**Work to be completed**
Leave the pictures out, and repeat exactly every line from the one with "第三届进博会新闻中心特设非遗展示区,陆永忠正在绘制农民画。受访者供图" through the end of the data below.

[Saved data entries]

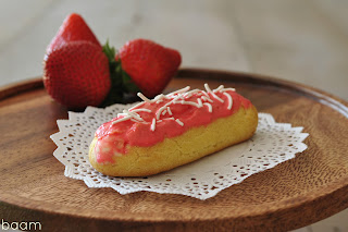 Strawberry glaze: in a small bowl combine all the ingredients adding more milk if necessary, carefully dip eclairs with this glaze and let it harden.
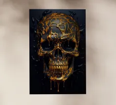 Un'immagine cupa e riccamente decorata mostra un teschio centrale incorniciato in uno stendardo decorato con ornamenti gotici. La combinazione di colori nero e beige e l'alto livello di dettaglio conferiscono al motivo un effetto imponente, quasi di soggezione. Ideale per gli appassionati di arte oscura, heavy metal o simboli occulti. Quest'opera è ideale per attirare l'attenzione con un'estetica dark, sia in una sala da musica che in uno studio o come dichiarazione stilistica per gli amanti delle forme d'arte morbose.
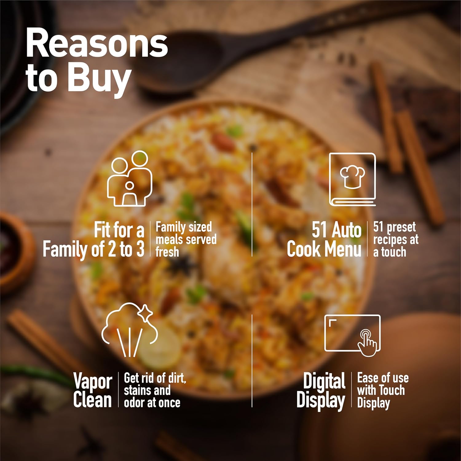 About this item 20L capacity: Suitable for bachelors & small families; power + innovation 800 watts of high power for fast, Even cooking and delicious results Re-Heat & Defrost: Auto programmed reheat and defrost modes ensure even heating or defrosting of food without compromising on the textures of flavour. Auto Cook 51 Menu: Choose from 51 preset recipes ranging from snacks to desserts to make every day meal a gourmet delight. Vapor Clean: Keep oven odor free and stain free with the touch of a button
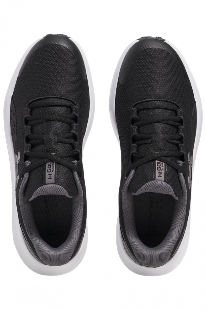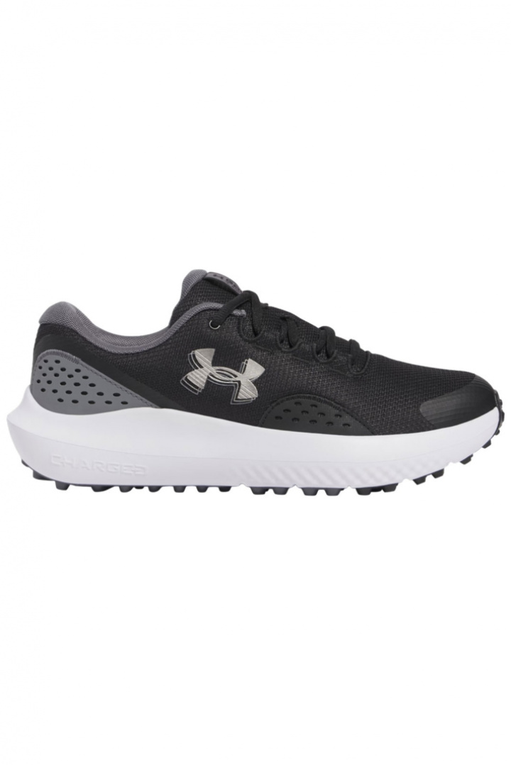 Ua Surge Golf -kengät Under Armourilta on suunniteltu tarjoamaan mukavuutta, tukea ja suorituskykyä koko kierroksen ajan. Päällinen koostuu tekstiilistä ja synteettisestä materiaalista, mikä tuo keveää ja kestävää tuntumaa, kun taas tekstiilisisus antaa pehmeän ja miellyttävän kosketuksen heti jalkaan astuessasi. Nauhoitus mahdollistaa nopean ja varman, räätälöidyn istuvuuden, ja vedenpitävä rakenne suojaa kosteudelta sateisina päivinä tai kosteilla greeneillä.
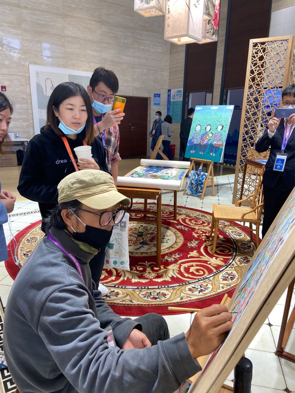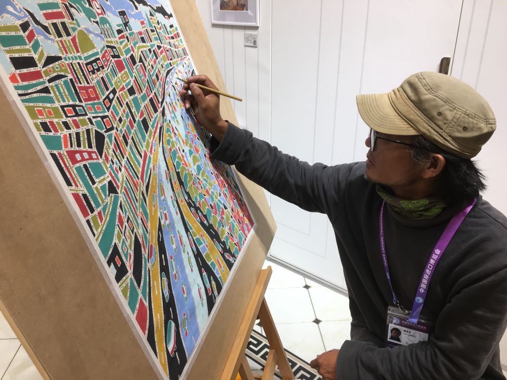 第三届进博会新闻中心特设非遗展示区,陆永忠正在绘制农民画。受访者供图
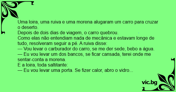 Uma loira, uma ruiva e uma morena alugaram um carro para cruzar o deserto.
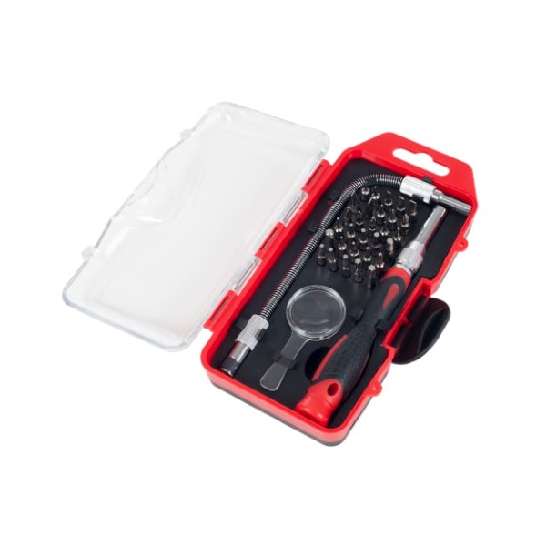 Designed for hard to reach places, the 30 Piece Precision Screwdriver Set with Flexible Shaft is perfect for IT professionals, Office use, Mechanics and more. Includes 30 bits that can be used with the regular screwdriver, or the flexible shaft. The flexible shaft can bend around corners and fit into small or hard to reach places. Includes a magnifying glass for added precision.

**Answer to the exercise**
 第三届进博会新闻中心特设非遗展示区,陆永忠正在绘制农民画。受访者供图
 Uma loira, uma ruiva e uma morena alugaram um carro para cruzar o deserto.
 Designed for hard to reach places, the 30 Piece Precision Screwdriver Set with Flexible Shaft is perfect for IT professionals, Office use, Mechanics and more. Includes 30 bits that can be used with the regular screwdriver, or the flexible shaft. The flexible shaft can bend around corners and fit into small or hard to reach places. Includes a magnifying glass for added precision.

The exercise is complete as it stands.